Ahead of the UN climate change talks in Paris, India on Friday announced it would reduce the emission intensity of its GDP by 33 to 35 per cent by 2030.

Published: 03rd October 2015 03:29 AM  |   Last Updated: 03rd October 2015 03:52 AM   |  A+A-

NEW DELHI:Ahead of the UN climate change talks in Paris, India on Friday announced it would reduce the emission intensity of its GDP by 33 to 35 per cent by 2030 from the 2005 level and achieve about 40 per cent cumulative electric power installed capacity from non-fossil fuel based energy resources by 2030.

Submitting the Intended Nationally Determined Contributions (INDC), the voluntary measures New Delhi intends to take to tackle climate change, to the UN, Union Environment Minister Prakash Javadekar said: “Our INDCs are comprehensive, ambitious and progressive, and reflect all issues of mitigation, adaptation, finance, technology transfer and capacity building.”
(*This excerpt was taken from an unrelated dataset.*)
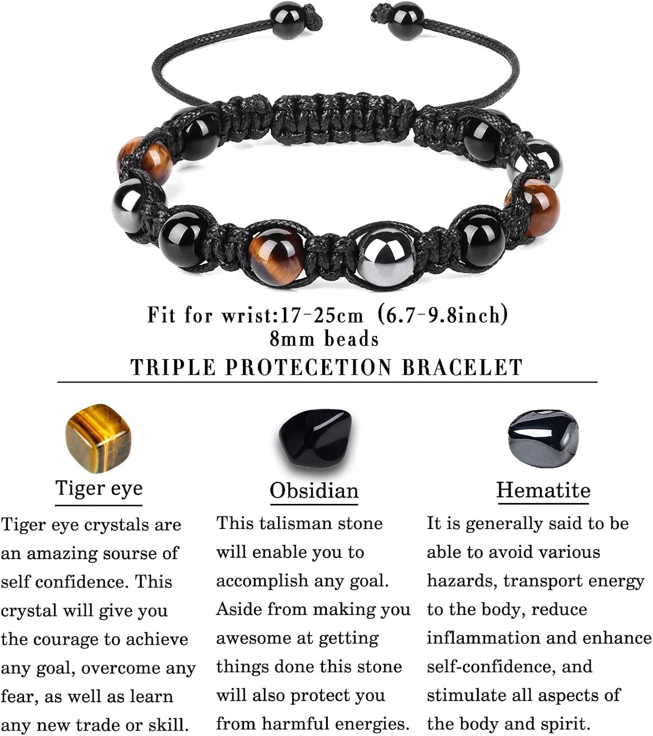 ✅PHENOMENAL SPIRITUAL ENERGY – This triple protection bracelet consists of genuine tiger eye, hematite and black obsidian stones which are known for their great spiritual protection energy. By cleaning and recharging some of your chakras, they will boost your confidence and enhance self-esteem, and improve your insights, while relaxing you to gain peace. Activate your inner strength by wearing this healing crystal bracelet of power, protection, and balance.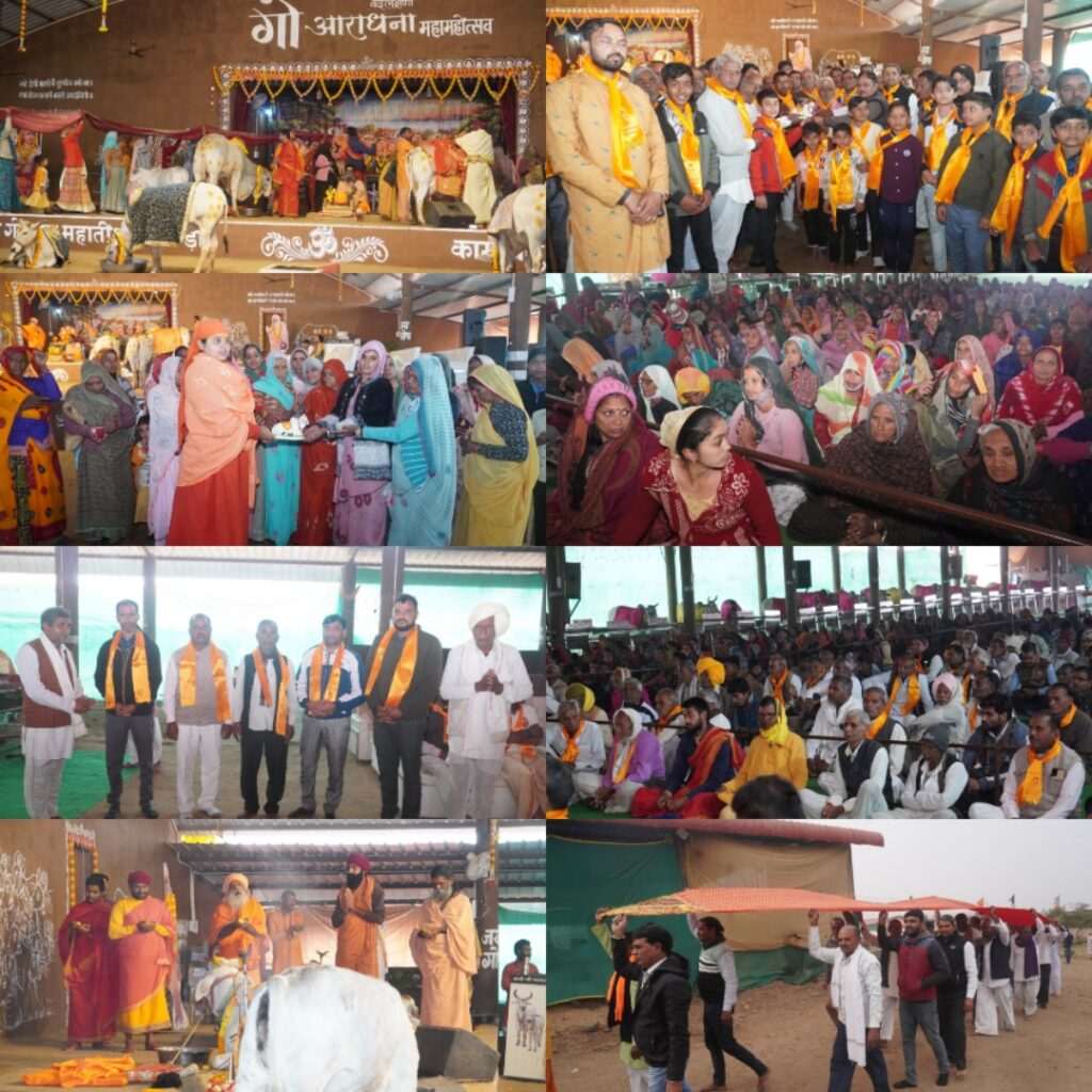 ⏩ 261 वे दिवस पर चुनरी यात्रा मध्यप्रदेश के आगर मालवा जिले से :: एक वर्षीय गोकृपा कथा के 261 वें दिवस पर चुनरी यात्रा मध्यप्रदेश के आगर मालवा जिले की नलखेड़ा तहसील के भैसोदा ग्राम में संचालित श्री रामकृष्ण गोशाला की और से ग्राम पंचायत के सरपंच महेश पाटीदार ,दीपक पाटीदार,महेश पाटीदार, पवन पाटीदार एवं जयनारायण पाटीदार के साथ ग्राम के सेंकड़ों पंच पटेल,युवा शक्ति एवं मातृशक्ति ने अपने परिवार की और से सम्पूर्ण विश्व के जन कल्याण के लिए गाजे बाजे के साथ भगवती गोमाता के लिए चुनरी लेकर पधारे और कथा मंच पर विराजित भगवती गोमाता को चुनरी ओढ़ाई एवं गोमाता का पूजन कर स्वामी गोपालानंद सरस्वती महाराज से आशीर्वाद लिया और अंत में सभी ने गो पूजन करके यज्ञशाला की परिक्रमा एवं गोष्ठ में गोसेवा करके सभी ने गोव्रती महाप्रसाद ग्रहण किया।

India also plans to create an additional carbon sink of 2.5 to 3 billion tonnes of carbon dioxide equivalent, through additional forest and tree cover by 2030. 

The country’s current voluntary pledge is for reducing the emission intensity of its GDP by 20-25 per cent over the 2005 levels, by 2020. For meeting the country’s climate change actions between now and 2030, the Environment Minister said that as per preliminary estimates, at least USD 2.5 trillion (at 2014-15 prices) would be required.

India emphasised that successful implementation of the INDC was contingent upon the means of implementation to be provided by the developed country parties, technology transfer and capacity-building. “India’s climate actions have so far been largely financed from domestic resources. Developing countries like India are resource-constrained and are already spending enormous amounts on climate change. Implementing climate change and mitigation and adaptation actions would require domestic and new and additional funds from developed countries in view of the resource required and resource gap,” he said.

As many as 196 countries  are party to the United Nations Framework Convention on Climate Change and will submit INDCs ahead of the Conference of Party (COP 21) in Paris later this year. The INDC outlines the post-2020 climate actions they intend to take under a new international pact. As of now, nearly 150 countries have made submissions to the UN about the domestic measures they plan to take in this regard.